Solved: Conditional deduplication based on multiple column...

Anonymous · ‎11-04-2021

Hi everyone,

I need to write a very specific deduplication query and I am wondering if you can help me out. We have an ecommerce site and I am getting a daily CSV file that has transactional information for each day, and I have built a few Power BI reports based on that dataset. Over time, in a certain situation, parts of a transaction can get double counted. So here's what I am trying to do.

Within a Master Order Number, I want to check for duplicate Item IDs. If an Item ID is duplicated within a Master Order Number, its sales should NOT be counted IF the Invoice Date is blank. So in the data below, the rows I highlighted should not be counted.

I am scratching my head on figuring out how to do this, so any insight or suggestions are appreciated! I have created a RANKX function that looks within a Master Order # and will rank the ITEM IDs.

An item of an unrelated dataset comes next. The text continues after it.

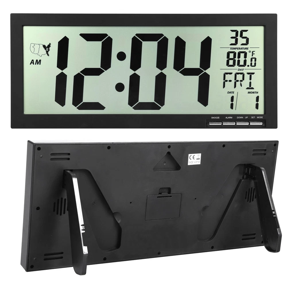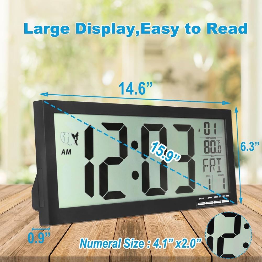 16" Atomic Clock Large Digital Wall Clock Battery Operated Large Display with Big Numbers,Temperature and Date - Easy to Read and Set,Auto DST Product Details Color: Black Brand: Crosstime MPN: Digital16Black UPC: Does not apply EAN: Does not apply Brand: Crosstime Color: Black Display Type: Digital Style: Modern Special Feature: Large Display, Temperature Display, Alarm, Daylight Saving, Radio Product Dimensions: 14.5"W x 6.3"H Power Source: Battery Powered Age Range (Description): Adult Room Type: Kitchen, Living Room, Bedroom, Classroom, Home Office Shape: Rectangular Brand: Crosstime Color: Black Display Type: Digital Style: Modern Special Feature: Large Display, Temperature Display, Alarm, Daylight Saving, Radio Product Dimensions: 14.5"W x 6.3"H Power Source: Battery Powered Age Range (Description): Adult Room Type: Kitchen, Living Room, Bedroom, Classroom, Home Office Shape: Rectangular Indoor/Outdoor Usage: Indoor Material: Acrylonitrile Butadiene Styrene (ABS) Theme: Atomic Clock, Radio Controlled Frame Material: Acrylonitrile Butadiene Styrene Are Batteries Included: No Mounting Type: Wall Mount & Tabletop Item Weight: 1.3 Pounds Alarm Clock: No Watch Movement: Digital Number of Items: 1 Operation Mode: Electrical Clock Form: Multi Display Manufacturer: Crosstime Item Weight: 1.3 pounds Country of Origin: China Item model number: Digital16Black Date First Available: August 30, 2024 High Precision Atomic Clock Atomic clock has a built-in receiver that automatically synchronizes itself with the WWVB 60kHz radio broadcast by the National Institute of Standards and Technology (NIST) in Fort Collins, Colorado. The Atomic Clock will always be accurate to within one second as it receives daily WWVB updates. Large Display / Easy to Read - Size:14.6" H x 6.3" L x 0.9" W,about 16" LCD, time numberal size: 4.1 X2". Easy viewing great for the elderly, people with poor eyesight. Easy to Use/Set After installing the battery it will automatically receive the radio signal WWVB (60k Hz), after receiving the signal then press the [UP] button to select 4 time zones and you are done. Note: In the process of receiving the radio, except for the [DOWN] key (forced to exit the reception) other buttons do not work temporarily, the reception process for a maximum of 7 minutes.(Powered by 3 x AAA batteries,Not included) Multifunctional 4 time zone to choose (PST, MST, CST, EST); auto daylight saving time (DST); temperature display,12/24 Hour time formats,clear second minute hour and week display,calendar display,dual alarm,snooze,wall mount / tabletop,folderable,etc. Great Gift Idea - It's suitable for living room,bedroom,kitchen,school,classroom,office,gym,library,hospital decor.You can gift it on various occasions such as Thanksgiving Day, Christmas, Halloween, birthdays,House warming etc.Also great gifts for mom,dad,family,elderly,friends.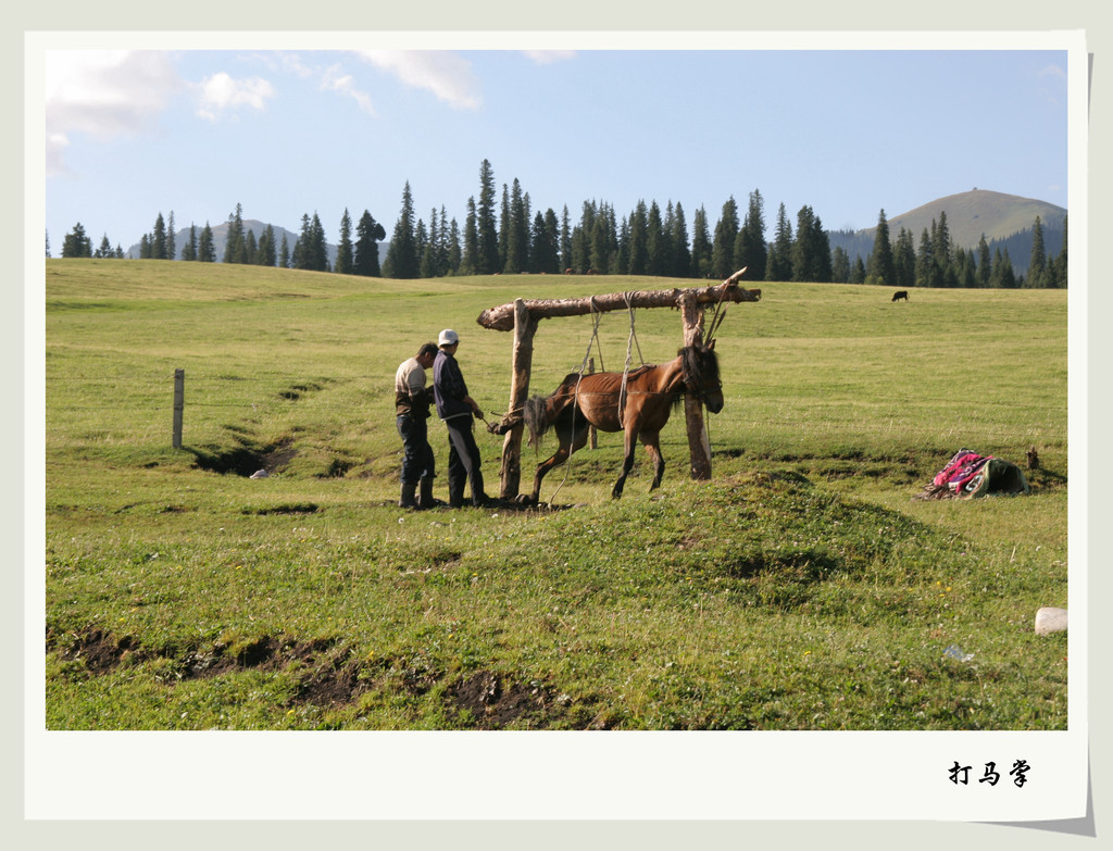 再往前走,不远处有两人将一匹马捆在木桩上,那样子就像电影里敌人拷问革命者。我以为要杀这匹马,后来仔细看了看,两人抬着马脚,估计是在修理马掌。本想走近看看,但想到这么残酷的场景被我的马看到后会不会受惊,到时我控制不了就危险了,因此拍了些照片就匆匆离去。

But, I am not sure what to do with that info because I'd still have to write a query that checks if the "Check for dupes" column is equal, and then find the Item ID that has a blank Invoice Number. So I don't think that has done me any good.

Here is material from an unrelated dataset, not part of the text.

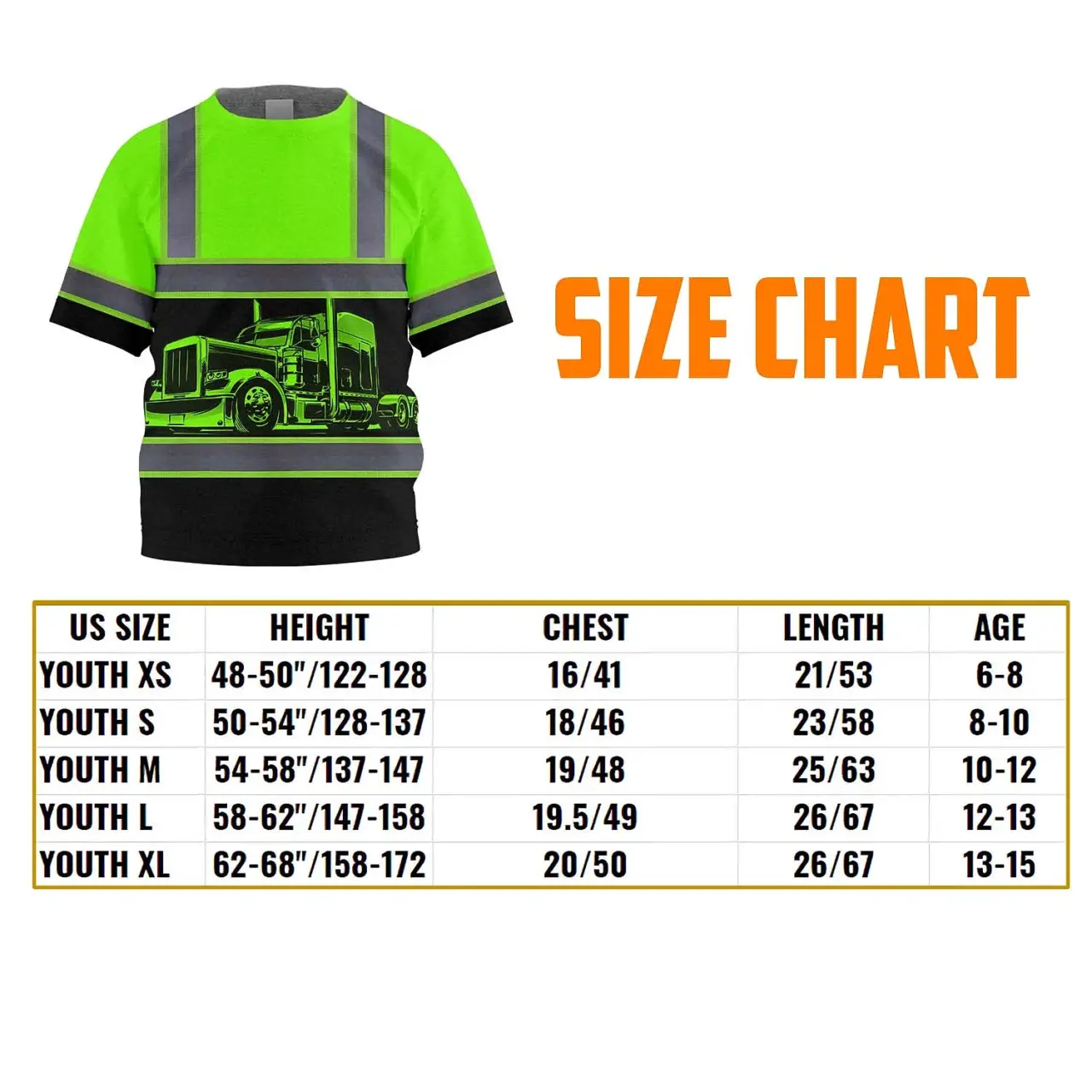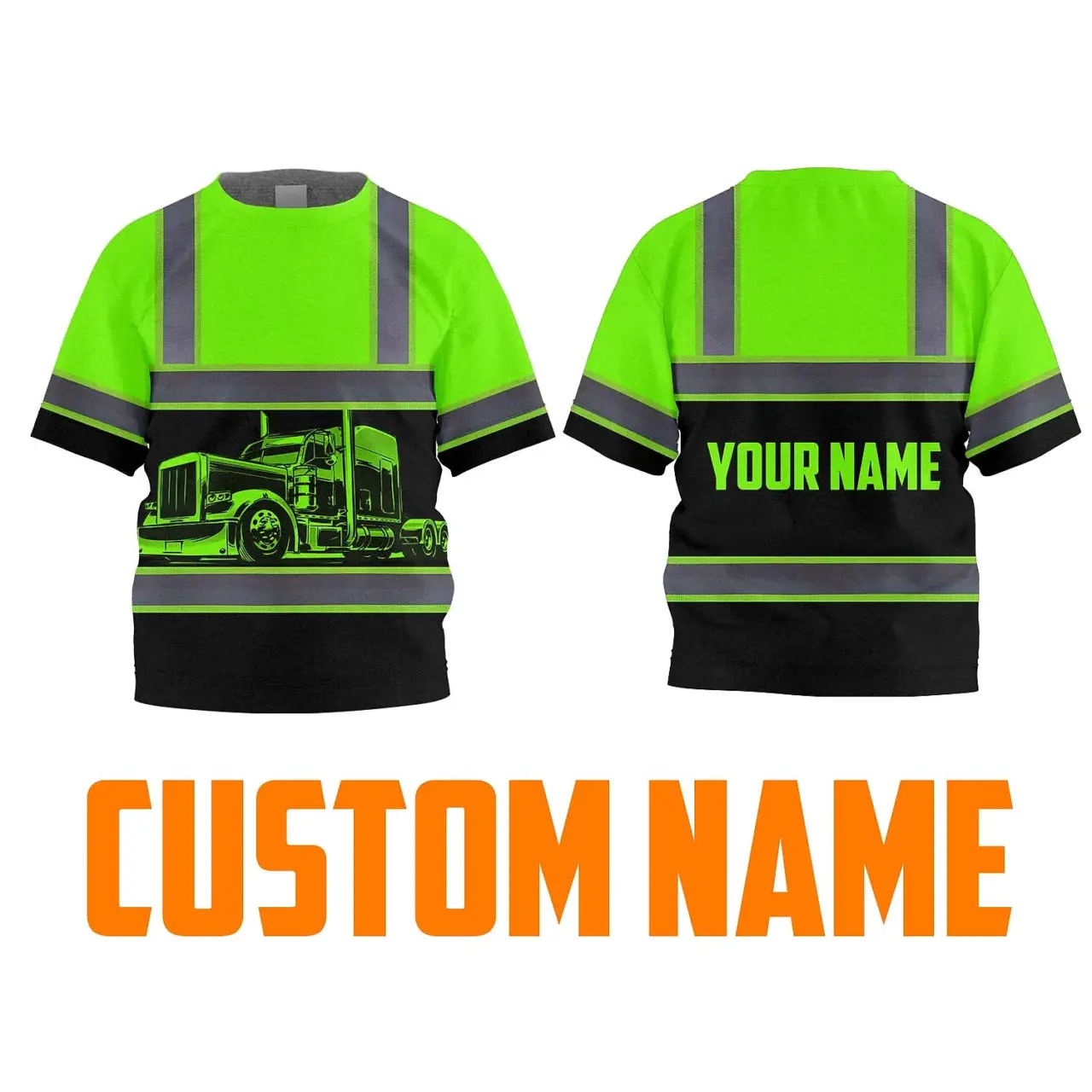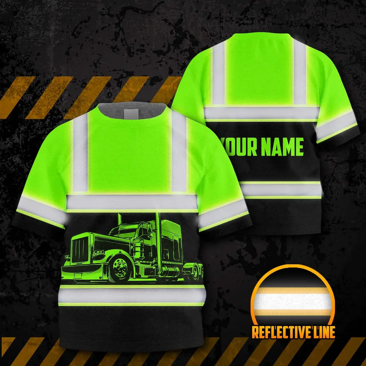 Hi Vis Shirt Reflective Tapes Green Semi Truck Driver Custom Name For Kids

Thanks in advance for your wisdom!

Anonymous · ‎11-10-2021

Hi @Anonymous

Try this code.

Remove Duplicate =
SUMMARIZE (
    FILTER (
        'Table',
        IF (
            VAR _COUNTROW =
                CALCULATE (
                    COUNTROWS ( 'Table' ),
                    FILTER (
                        ALL ( 'Table' ),
                        'Table'[Master Order Number] = EARLIER ( 'Table'[Master Order Number] )
                            && 'Table'[Item ID] = EARLIER ( 'Table'[Item ID] )
                    )
                )
            RETURN
                _COUNTROW > 1,
            'Table'[RANK] <> 1
                || 'Table'[Invoice Date] <> BLANK (),
            'Table'[RANK] = 1
        )
    ),
    'Table'[Order Number],
    'Table'[Master Order Number],
    'Table'[Order Date],
    'Table'[Invoice Date],
    'Table'[Item ID]
)

Result is as below.

Best Regards,
Rico Zhou

If this post helps, then please consider Accept it as the solution to help the other members find it more quickly.

View solution in original post

lbendlin · ‎11-05-2021

Deduplication is much easier to do in Power Query (unless it depends on user filters).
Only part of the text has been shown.